За стенкой было слышно, как помощник повара или сам повар – трудно было разобрать – дает отчет помощнику капитана Корнелиусу Остену о закупленных поутру на пристани продуктах, об израсходованных и оставшихся.

Ждан Иваныч бережно уложил гирьки, маятник, затворил дверцу часов и смиренно отошел к двери.

Толмач сказал Джексону о необходимости ремонта и о порядочности мастера. Он чувствовал, вероятно, что англичанин боится за вещь.

«Если бы знать: что на уме у этого бородача?» – думал Джексон, по-прежнему не доверяя. Поколебавшись, он окончательно решил не рисковать и, чтобы сгладить отказ мастеру, что было неловко, весело сказал толмачу:

– Спросите, не желает ли этот кузнец выпить хорошего вина?

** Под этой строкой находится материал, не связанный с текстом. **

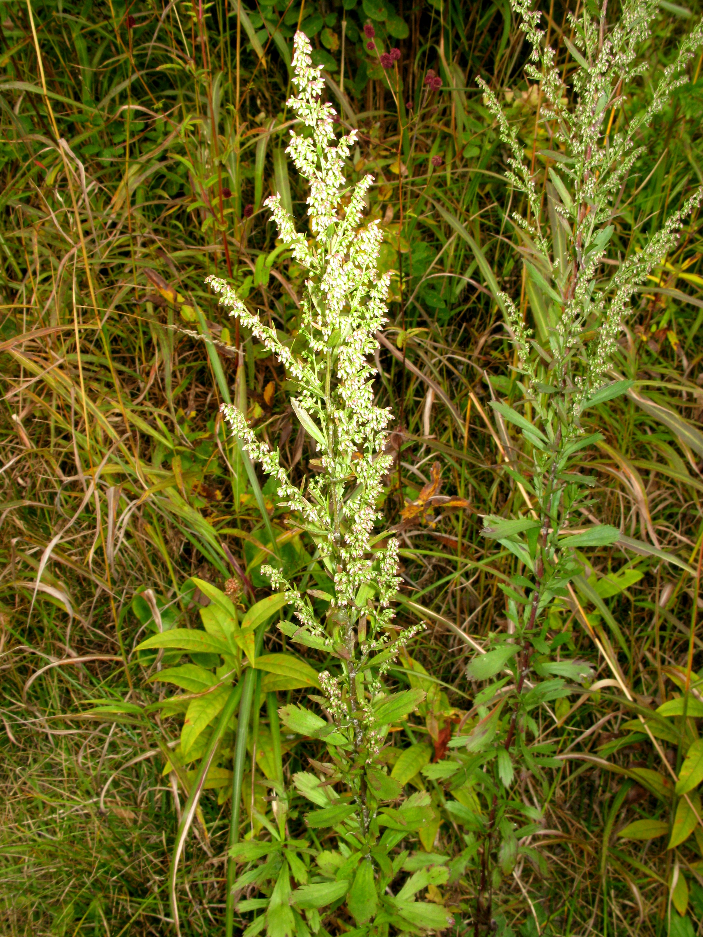 Artemisia japonica, Aizu area, Fukushima pref., Japan

Или пива? Или того и другого? Я прикажу – и немедленно принесут…

Ричард Джексон был доволен своей находчивостью, но Ждан Иваныч, полагая, что ему сейчас идти с часами, решительно отказался.

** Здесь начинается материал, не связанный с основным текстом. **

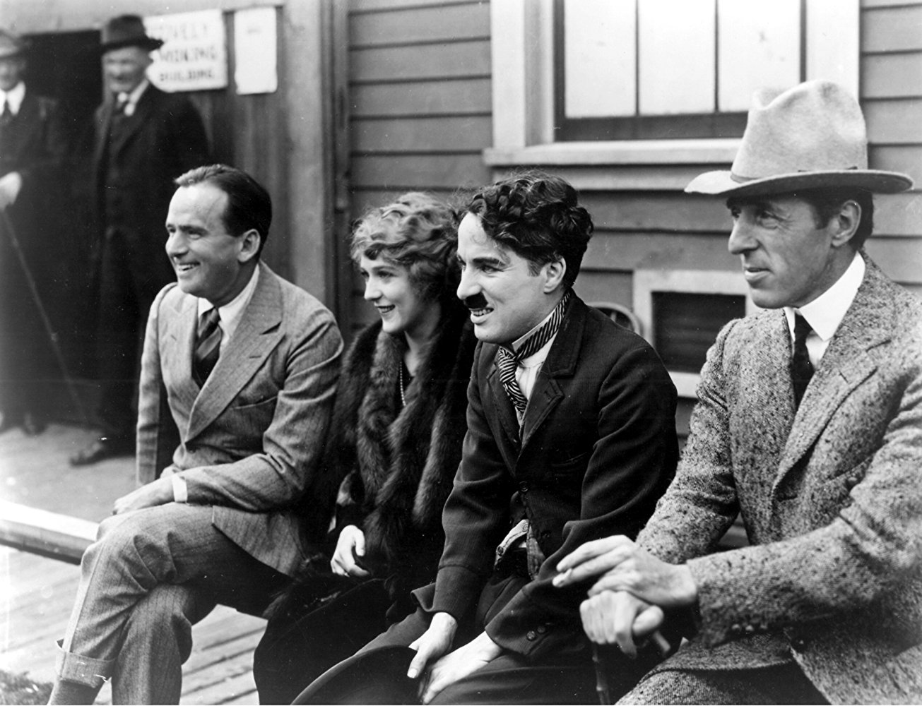 United Artists Corporation stockholders Douglas Fairbanks, Mary Pickford, Charlie Chaplin and D.W. Griffith in 1919.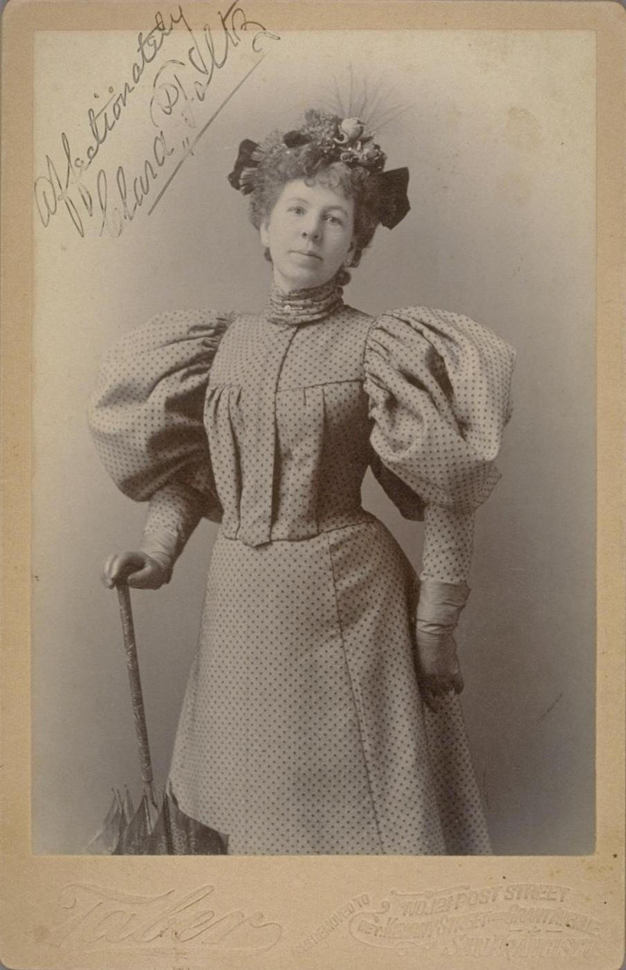 Clara S. Foltz (1849-1934), first female lawyer in California and on the West Coast of the U.S.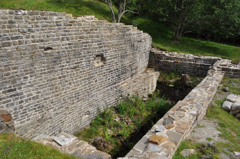 Low Slitt Lead Mine, Data from Geograph: Description: The former lead mine, this view shows the wheel pit. The wheel drained the mine via a pump. ICBM: 54.747396852771, -2.148170119725 Location: (about 1 km from) near to Westgate, County Durham, Great Britain.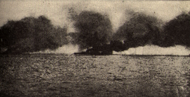 HMS Lion (1910) hit by German shellfire at Jutland Downloaded from [1] who scanned it from The Literary Digest History of the World War, 10 volumes, Halsey, Francis Whiting, ed; Funk & Wagnalls Co, New York and London, 1920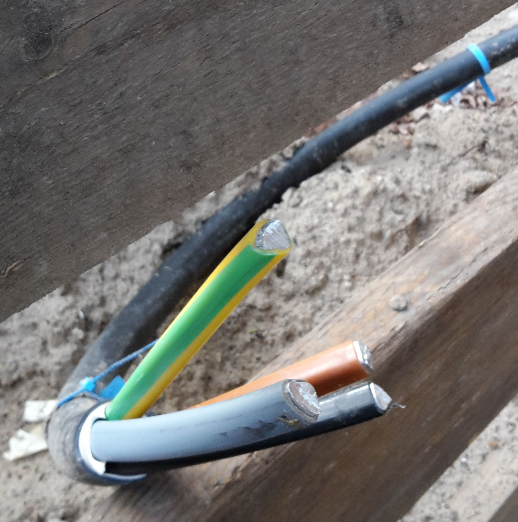 Underground cable Type NAYY

– Не-ет, – отмахнулся он. – Не тот у меня рост, чтобы на буднях вино пити. В моем росте от вина рукотрясье беды творит. Скажи: кланяюсь, мол, в благодаренье, но до свершенья дела пити немочно да и не повелось.

Толмач был на высоте. Он перевел:

– Сэр, мастер отвечает, что он не может принять ваше предложение по трем причинам: солидный возраст, при котором мастерам тонкого дела вино сбивает руку, потому еще, что дело не сделано, и, в-третьих, потому, что пить, да еще в будний день, нехорошо.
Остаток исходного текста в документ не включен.